PSA: Every Issue i had with hosting a minecraft server solved. #Zerotier not starting, #Players cant connect, #Players time out/get disconnected frequently.
So i thought id share some of my findings in regards to Zerotier and its issues i encountered hosting a minecraft server.
Maybe these are obvious beginner mistakes. But hey, i had to websearch quite a long time to find everything so here goes nothing:
Zerotier doesnt start.
Symptoms: The icon is in the tray and immediately vanishes when i interact with it. I dont get a menu.
What worked for me: Uninstall your version of Zerotier, download and install an older version and then update your current already downloaded (hopefully up to date) version over it. Meaning run the new version and install it over your existing one.

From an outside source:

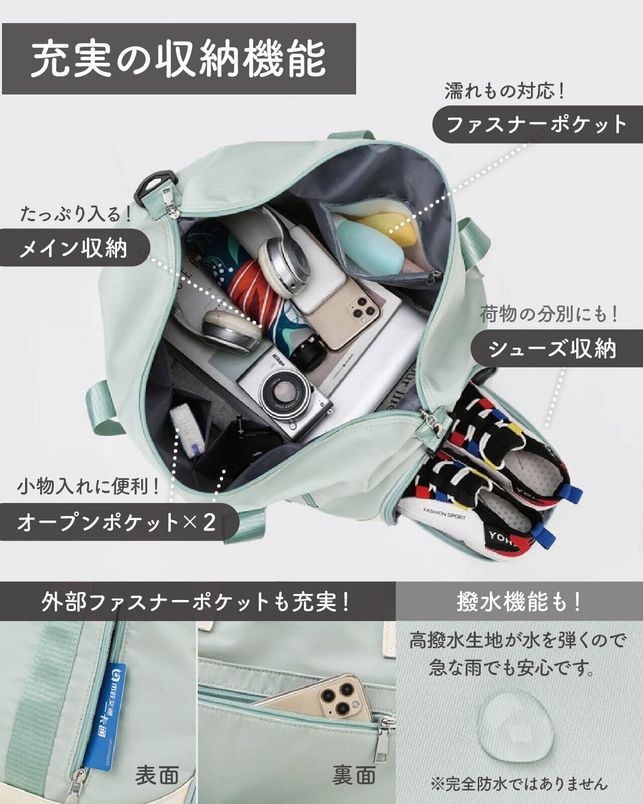 【収納機能】 メイン収納部の中には、ファスナーポケットと2つのオープンポケットを設置。ファスナーポケットは乾湿分離仕様で浸水しない為、濡れたタオルや洗面用品を入れるのにも最適です。バッグの外側にもファスナーポケットが2つ付いていますので、バッグを開けずに小物の収納をする際にも便利です。またバッグの側面には透気孔付きシューズ収納があり、靴の持ち運びや荷物の種類を分けたい時にも活躍します。

If that still doesnt work, restart your pc. (Not "shutdown", restart!)
Players cant connect to my server (running on a windows machine).
Symptoms:
Failed to connect to the server java.net.ConnectException: Connection timed out: no further information:"
The player isnt able to connect to the running server despite being authorised in my network and using the correct IP. I couldnt ping anyone in the network either. Im able to connect locally using localhost but the zerotier IP's dont work from anyone except the server itself. Even if we both have our firewalls (temporarily) disabled. Even if the server is actively listening on port 25565. Can check this by running
netstat -an | find ":25565"
Expected output would be something like
TCP <ZeroTier-IP>:25565 LISTENING
What worked for me: Changing the Zerotier Network adapter from public to private. I only had to do this on my server but you might have to do it on the clients aswell depending on what the network adapter is set to.
Shamelessly copypasting from this glorious github post.
In Windows 10 and prior you would get the following screen when joining a ZeroTier network: https://i.imgur.com/QQEn7I8.png
Answering "Yes" would set the windows firewall as a "private" network and allow discovery, file sharing, etc. "No" sets the network to public causing Windows Firewall to disable file sharing, etc.
Windows 11 no longer pops up this prompt and instead just forces the network to Public and hardening windows firewall for the Public configuration.
Workaround: Open Powershell (not cmd) as admin and paste in in the following:
To check public/private setting:
Get-NetConnectionProfile | Where-Object "InterfaceAlias" -like "Zero*"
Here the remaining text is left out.